WORK INSTRUCTIONS — Retype the following records exactly and exclude the pictures.

Segment Start: PROVIDED MATERIAL

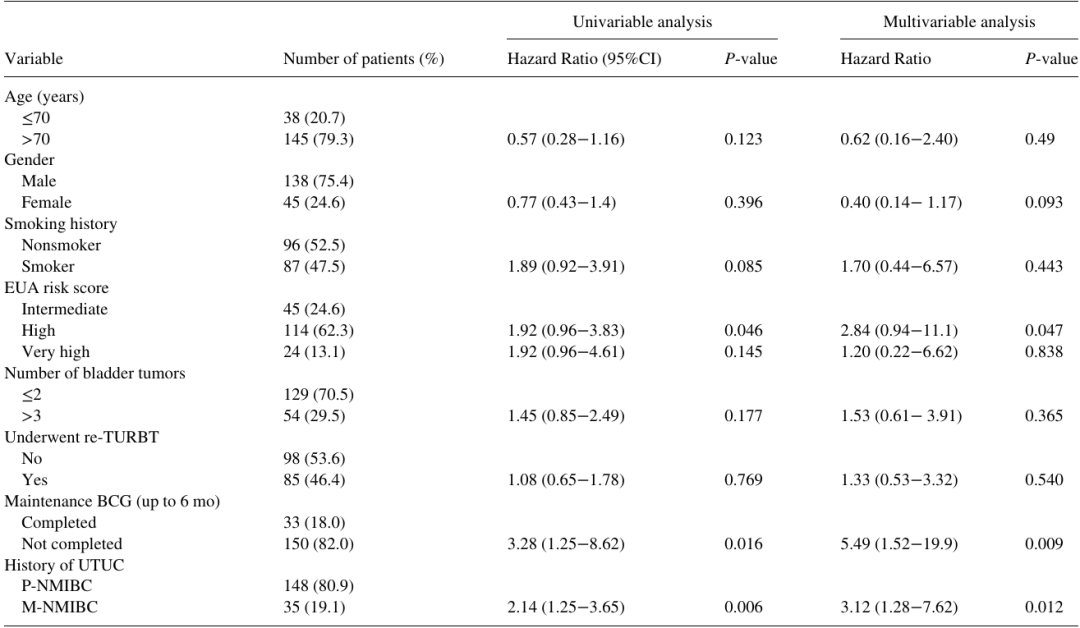 在183例确诊为HG NMIBC的患者中,有35例(19.1%)既往接受过UTUC治疗,并接受过根治性肾输尿管切除术(RNU),且切缘阴性。在异时性NMIBC亚组中,高危患者复发的中位时间为RNU后24个月。异时性NMIBC亚组包括25名男性和10名女性,平均年龄为75.0岁;而原发性NMIBC亚组包括113名男性和35名女性,平均年龄相似,均为77.02岁。
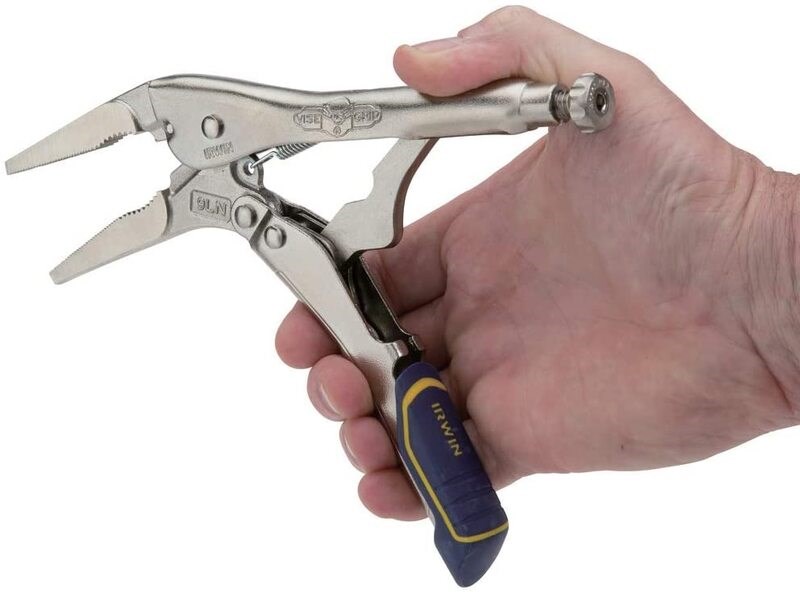 IRWIN LONG NOSE LOCKING PLIERS WITH WIRE CUTTER - 9"These Irwin 9LN long nose locking pliers feature a 20% reduced hand span for improved control and reduced hand strain. The long straight nose provides easy access to tight spaces, while the built-in wire cutter adds versatility.
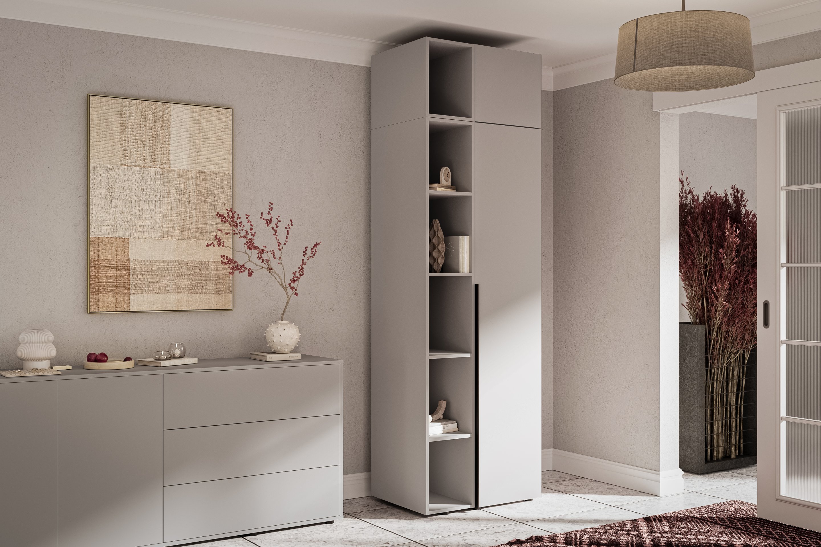 Siva boja garderobnog ormara donosi osjećaj mira i profinjenosti, a istovremeno omogućuje jednostavno kombiniranje s drugim komadima namještaja. Zbog svoje neutralnosti lijepo se slaže i sa suvremenim minimalističkim interijerima i s klasičnim drvenim elementima. Metalne ručke dodaju dašak modernosti i izdržljivosti, dok skrivene podesive noge omogućuju potpunu stabilnost i na nešto neravnijim podovima.
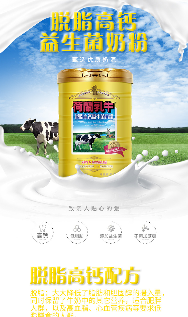 荷兰乳牛脱脂高钙益生菌奶粉800g听 【25年11-12月产】
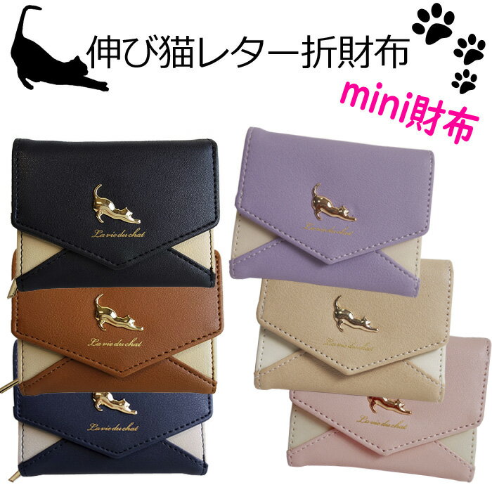 伸び猫レター 折財布 ミニ財布 三つ折財布 レディース財布 コンビカラー キャット ネコ好き ねこ足あと 肉球 jw-0266 【RCP】 【コンビニ受取対応商品】
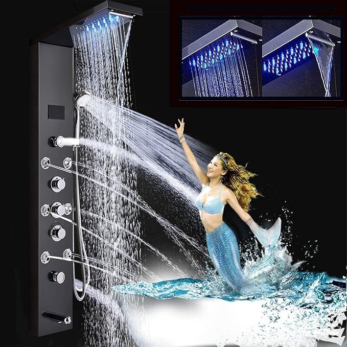 как выглядит ELLO ALLO Shower Panel Tower System Waterfall Shower Head w/ Massage Body Jets фото
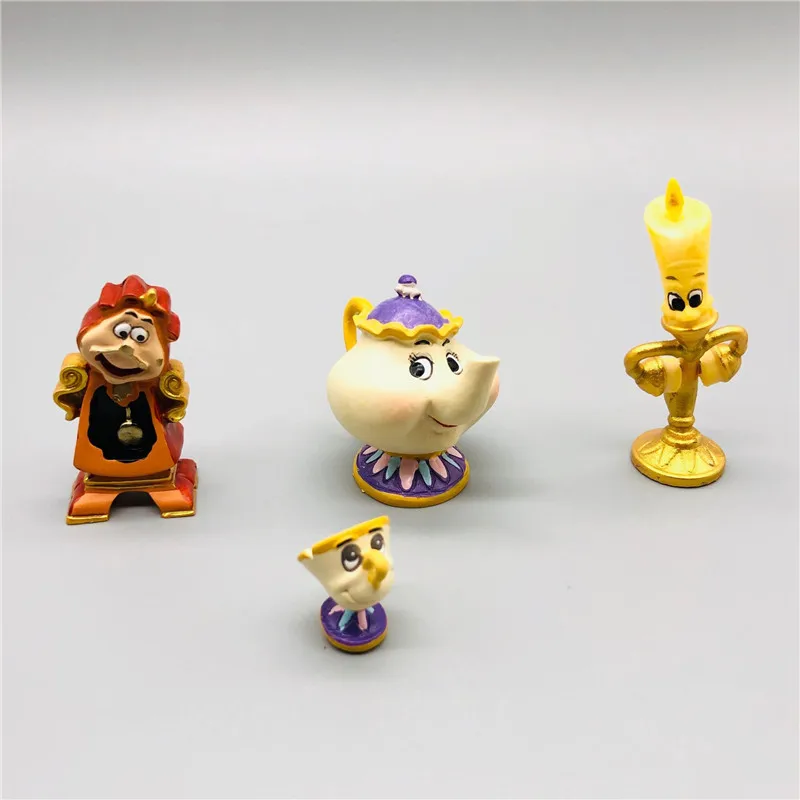 Disney Beauty and the Beast экшн-фигурка игрушка 4 шт./компл. Mrs.Potts Lumiere Cogsworth Аниме фигурки подарки для детей украшение для торта

Segment End: PROVIDED MATERIAL

EXERCISE OUTPUT —
 在183例确诊为HG NMIBC的患者中,有35例(19.1%)既往接受过UTUC治疗,并接受过根治性肾输尿管切除术(RNU),且切缘阴性。在异时性NMIBC亚组中,高危患者复发的中位时间为RNU后24个月。异时性NMIBC亚组包括25名男性和10名女性,平均年龄为75.0岁;而原发性NMIBC亚组包括113名男性和35名女性,平均年龄相似,均为77.02岁。
 IRWIN LONG NOSE LOCKING PLIERS WITH WIRE CUTTER - 9"These Irwin 9LN long nose locking pliers feature a 20% reduced hand span for improved control and reduced hand strain. The long straight nose provides easy access to tight spaces, while the built-in wire cutter adds versatility.
 Siva boja garderobnog ormara donosi osjećaj mira i profinjenosti, a istovremeno omogućuje jednostavno kombiniranje s drugim komadima namještaja. Zbog svoje neutralnosti lijepo se slaže i sa suvremenim minimalističkim interijerima i s klasičnim drvenim elementima. Metalne ručke dodaju dašak modernosti i izdržljivosti, dok skrivene podesive noge omogućuju potpunu stabilnost i na nešto neravnijim podovima.
 荷兰乳牛脱脂高钙益生菌奶粉800g听 【25年11-12月产】
 伸び猫レター 折財布 ミニ財布 三つ折財布 レディース財布 コンビカラー キャット ネコ好き ねこ足あと 肉球 jw-0266 【RCP】 【コンビニ受取対応商品】
 как выглядит ELLO ALLO Shower Panel Tower System Waterfall Shower Head w/ Massage Body Jets фото
 Disney Beauty and the Beast экшн-фигурка игрушка 4 шт./компл. Mrs.Potts Lumiere Cogsworth Аниме фигурки подарки для детей украшение для торта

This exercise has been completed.